-- Problem statement --
Would you reproduce the data below exactly, please, leaving out its images?

-- Supplied entries --
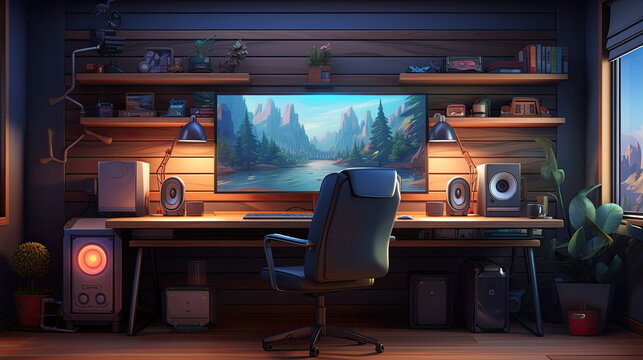 Young 3D designer creates video game character or clothes, works remotely from home on computer and big digital screen with professional software interface and tools for 3D modeling and design.
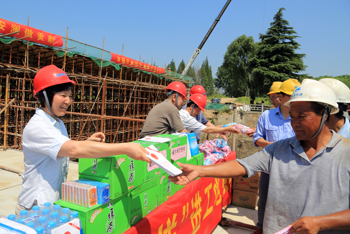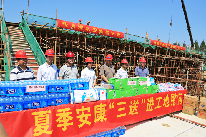 730上午,省水利厅工会主席张晓迅、省水利工程建设局副局长唐世国及相关处室负责同志组成慰问组,来到我公司扬州闸加固工程工地,开展夏季安康“送清凉、送安全、送法律”慰问活动,亲切慰问高温期间坚守岗位的工程建设者,公司董事长夏国春参加了慰问活动。
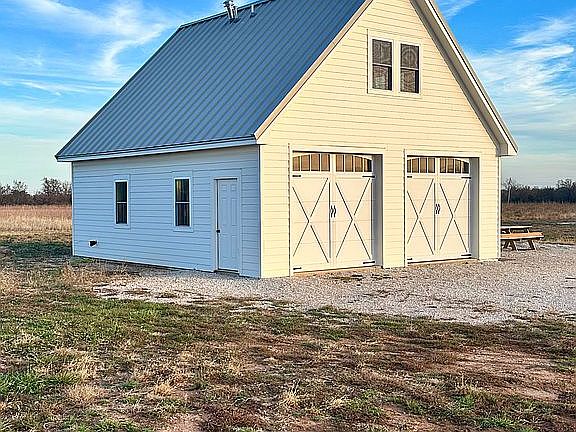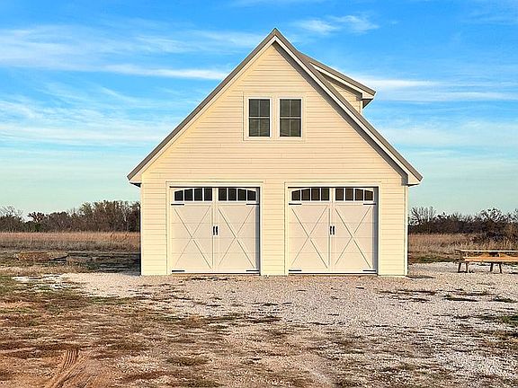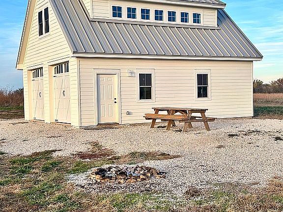 Welcome to your rural abode, where you can enjoy peace and serenity in wide open spaces! This thoughtfully curated property includes underground electric, fiber optic internet and large septic to accommodate your dream home. The 26’X30’ carriage style garage with 9’ overhead doors is designed to park a full sized pickup along with another 16’ vehicle. The building is insulated throughout, includes washer and dryer hookup with proper venting, utility sink, Navien tankless water heater and an additional 220 amp outlet. Upstairs the studio apartment boasts territorial views overlooking the one acre stocked pond. Upgraded amenities include LED lighting, Armstrong heat pump & A/C, Classic brand retro refrigerator and matching gas range, farmhouse plank accent wall, butcher block counter tops and traditional tile in the bathroom. The west facing double hung windows allow you to see the entire front of the property and view the notorious Kansas sunsets. With vast land surrounding and no direct neighbors, this 15 acre property is a wildlife refuge to massive whitetail, turkey, quail, geese, duck and dove. The pond was built in 2023 and stocked with bluegill and channel catfish, including albino cats. Make this your weekend getaway or your full time private paradise!
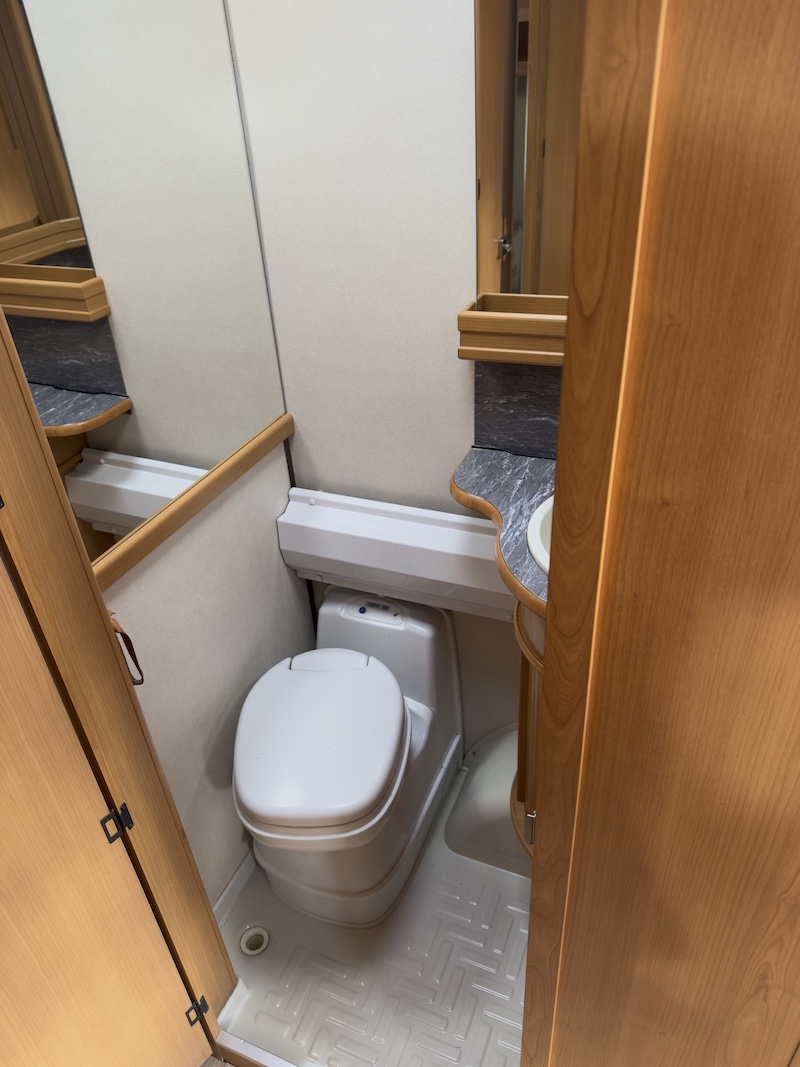 - Sanitair met cassettetoilet, vaste schoonwatertank en wasruimte
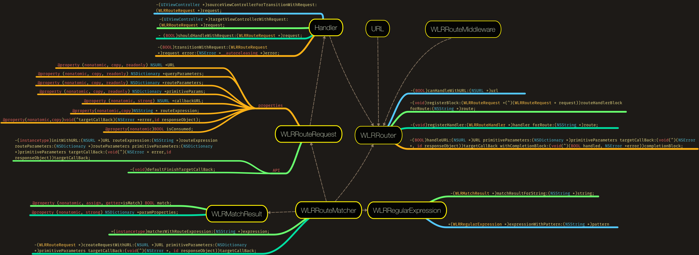 - WLRRouter,路由核心对象,内部持有注册的Handler,比方说负责界面跳转的Handler,负责组件加载的Handler,负责API的Handler等等,路由的作用就是将外部调用传入的URL或者是内部调用传入的target,在内部匹配上对应的handler,然后调用生命周期方法,完成处理过程,当然,图中还有route的中间件,实际上是预留AOP的口子,方面后期扩展
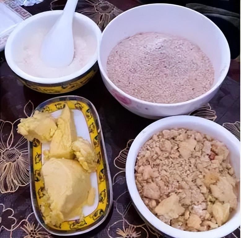 糌粑:糌粑是藏族的主食。糌粑,实际上糌粑就是用青稞制成的炒面。它是将青稞麦炒熟、磨细、不经过筛滤而成的炒面,与我国北方制作的炒面有点相似,区别是北方的炒面是先磨后炒,而西藏的糌粑却是先炒后磨,而且不除皮。
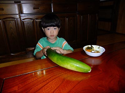 子供たちが、保育園でとれたきゅうりを持ってきました。

-- Solution --
 Young 3D designer creates video game character or clothes, works remotely from home on computer and big digital screen with professional software interface and tools for 3D modeling and design.
 730上午,省水利厅工会主席张晓迅、省水利工程建设局副局长唐世国及相关处室负责同志组成慰问组,来到我公司扬州闸加固工程工地,开展夏季安康“送清凉、送安全、送法律”慰问活动,亲切慰问高温期间坚守岗位的工程建设者,公司董事长夏国春参加了慰问活动。
 Welcome to your rural abode, where you can enjoy peace and serenity in wide open spaces! This thoughtfully curated property includes underground electric, fiber optic internet and large septic to accommodate your dream home. The 26’X30’ carriage style garage with 9’ overhead doors is designed to park a full sized pickup along with another 16’ vehicle. The building is insulated throughout, includes washer and dryer hookup with proper venting, utility sink, Navien tankless water heater and an additional 220 amp outlet. Upstairs the studio apartment boasts territorial views overlooking the one acre stocked pond. Upgraded amenities include LED lighting, Armstrong heat pump & A/C, Classic brand retro refrigerator and matching gas range, farmhouse plank accent wall, butcher block counter tops and traditional tile in the bathroom. The west facing double hung windows allow you to see the entire front of the property and view the notorious Kansas sunsets. With vast land surrounding and no direct neighbors, this 15 acre property is a wildlife refuge to massive whitetail, turkey, quail, geese, duck and dove. The pond was built in 2023 and stocked with bluegill and channel catfish, including albino cats. Make this your weekend getaway or your full time private paradise!
 - Sanitair met cassettetoilet, vaste schoonwatertank en wasruimte
 - WLRRouter,路由核心对象,内部持有注册的Handler,比方说负责界面跳转的Handler,负责组件加载的Handler,负责API的Handler等等,路由的作用就是将外部调用传入的URL或者是内部调用传入的target,在内部匹配上对应的handler,然后调用生命周期方法,完成处理过程,当然,图中还有route的中间件,实际上是预留AOP的口子,方面后期扩展
 糌粑:糌粑是藏族的主食。糌粑,实际上糌粑就是用青稞制成的炒面。它是将青稞麦炒熟、磨细、不经过筛滤而成的炒面,与我国北方制作的炒面有点相似,区别是北方的炒面是先磨后炒,而西藏的糌粑却是先炒后磨,而且不除皮。
 子供たちが、保育園でとれたきゅうりを持ってきました。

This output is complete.